Is there any way to deactivate the big "Download" button on disambiguation pages, or do we want those to be downloadable? Visually, the button implies that the disambiguation page is a work in its own right. -- EncycloPetey ( talk ) 01:16, 2 March 2021 (UTC)

It should be easy to code to deactivate, they have __DISAMBIG__wikicode and are automatically categorised. I don't think that people would need to download, though at the same time it is out of the way of the body so not causing issues. — billinghurst sDrewth 06:15, 2 March 2021 (UTC)Tracked in Phabricator   (?) Task T273708

Open This is phab:T273708 and the idea is that when done it will provide a magic word that we can add to templates like {{ disambiguation }}. Inductiveload talk / contribs 20:14, 3 March 2021 (UTC)

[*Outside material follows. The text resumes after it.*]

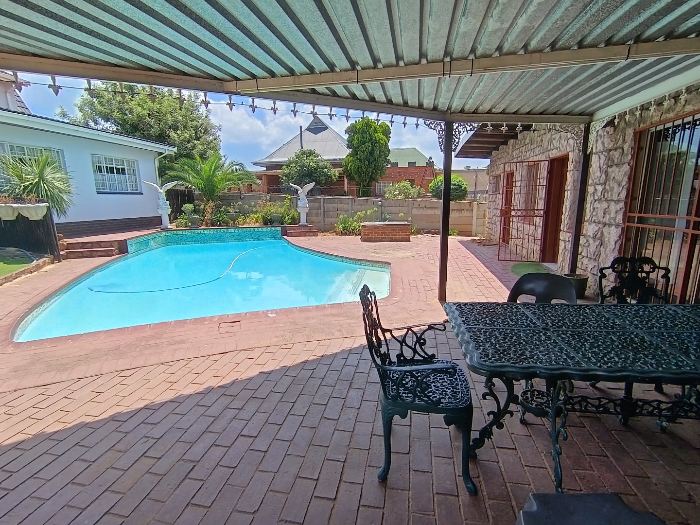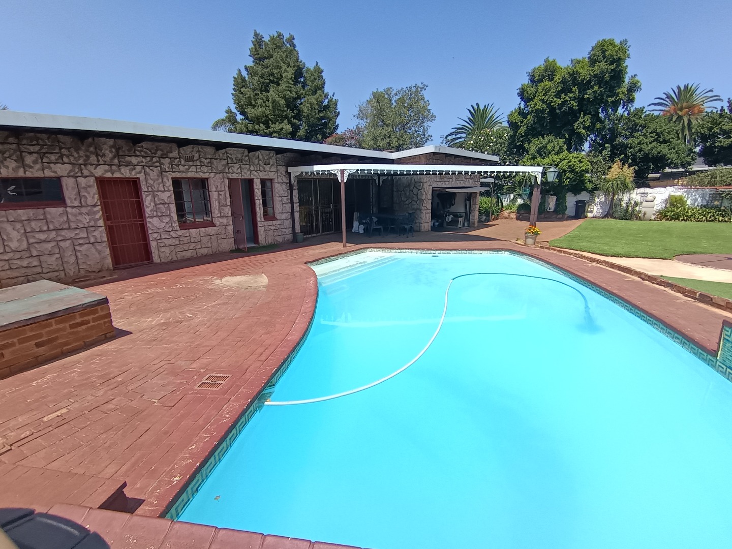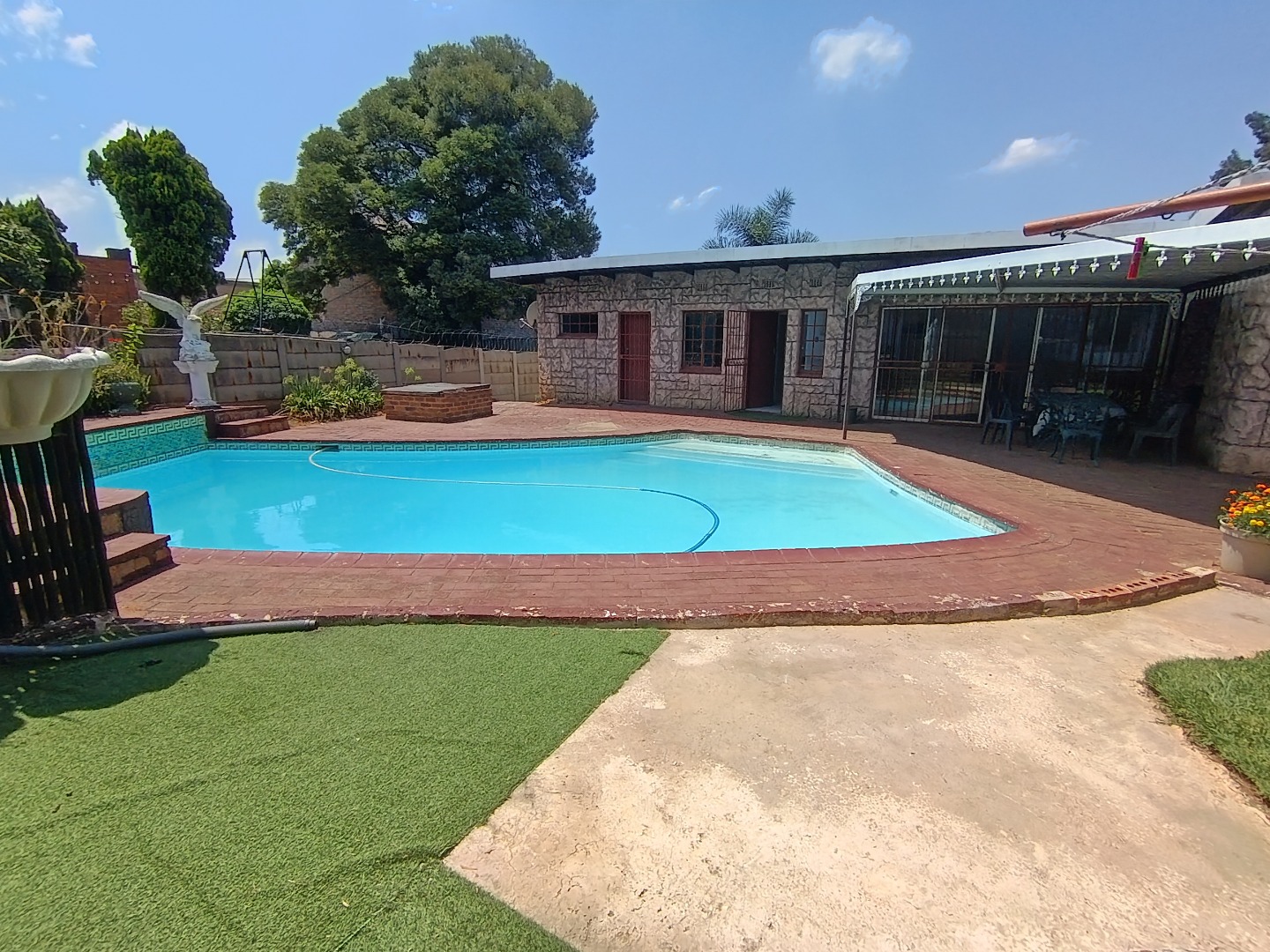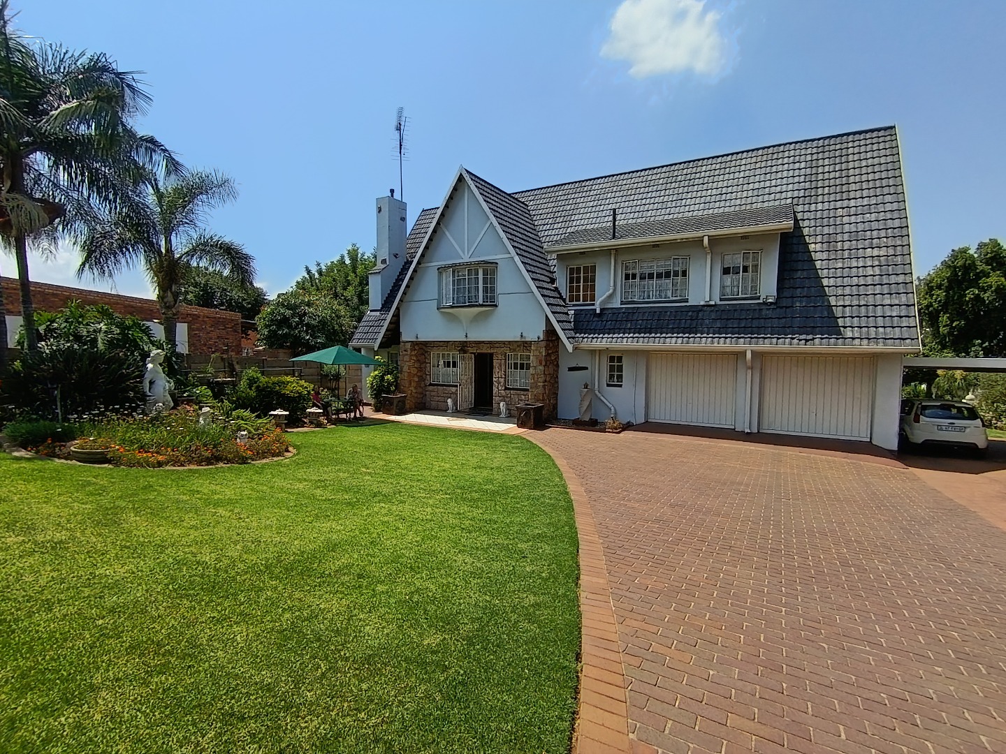 This charming Tudor-style residence, nestled on a generous 1254 sqm erf in Hazeldene, Germiston, offers an exceptional family living experience. The property immediately impresses with its distinctive architecture, well-maintained exterior, and expansive, manicured garden. A large brick-paved driveway provides ample secure parking, leading to a double garage and an additional covered carport, ensuring convenience for multiple vehicles. The secure entrance gate and fencing enhance privacy and peace of mind. Step inside to discover an inviting entrance hall that flows into the spacious living areas. The home features a comfortable lounge and a dedicated family/TV room, providing versatile spaces for relaxation and entertainment. Unique wooden plank ceilings add character, while the prominent built-in bar and a cozy fireplace create an ideal setting for gatherings. The practical tiled flooring throughout ensures easy maintenance. The residence boasts four well-proportioned bedrooms, offering comfortable accommodation for the entire family. Complementing these are three bathrooms, including a private ensuite for added convenience and luxury. A functional kitchen is also present, ready to cater to your culinary needs. Outdoor living is a delight with the expansive garden, perfect for children and pets, which are allowed on the property. The highlight is undoubtedly the inviting swimming pool, providing a refreshing escape during warmer months. An added benefit is the presence of a flatlet, offering potential for extended family living, guest accommodation, or rental income. A dedicated laundry area further enhances the home's practicality. Located in the established suburb of Hazeldene, Germiston, this property combines classic charm with practical features for a comfortable lifestyle. Its secure perimeter, including an access gate and security gate, ensures a safe environment. Key Features: * 4 Bedrooms, 3 Bathrooms (1 Ensuite) * Spacious Lounge & Family/TV Room * Distinctive Tudor-Style Architecture * Built-in Bar & Fireplace * Swimming Pool & Large Garden * Double Garage & Carport (4 Parkings) * Separate Flatlet * Laundry Room * Pet-Friendly & Secure Access

Wikifunctions logo contest[ edit ] Hello. Please help to choose a design concept for the logo of the new Wikifunctions wiki. Voting starts today and will be open for 2 weeks. If you would like to participate, then please learn more and vote now at Meta-Wiki. Thank you! -- Quiddity (WMF)

01:49, 2 March 2021 (UTC)

Wikilinks[ edit ]

When I asked previously about Wikilinks, I was told not to overlink, and no interpretive links. The example given was linking "Lewis Carroll best known book" to "Alice In Wonderland" because it is a subjective interpretation that can change over time. Why are my links to real objective people and real objective places being deleted? Again, this feels like tag-team harassment. Especially when I am probably going to be the only person on Earth using the entry for research over the next decade. -- RAN ( talk ) 06:35, 2 March 2021 (UTC)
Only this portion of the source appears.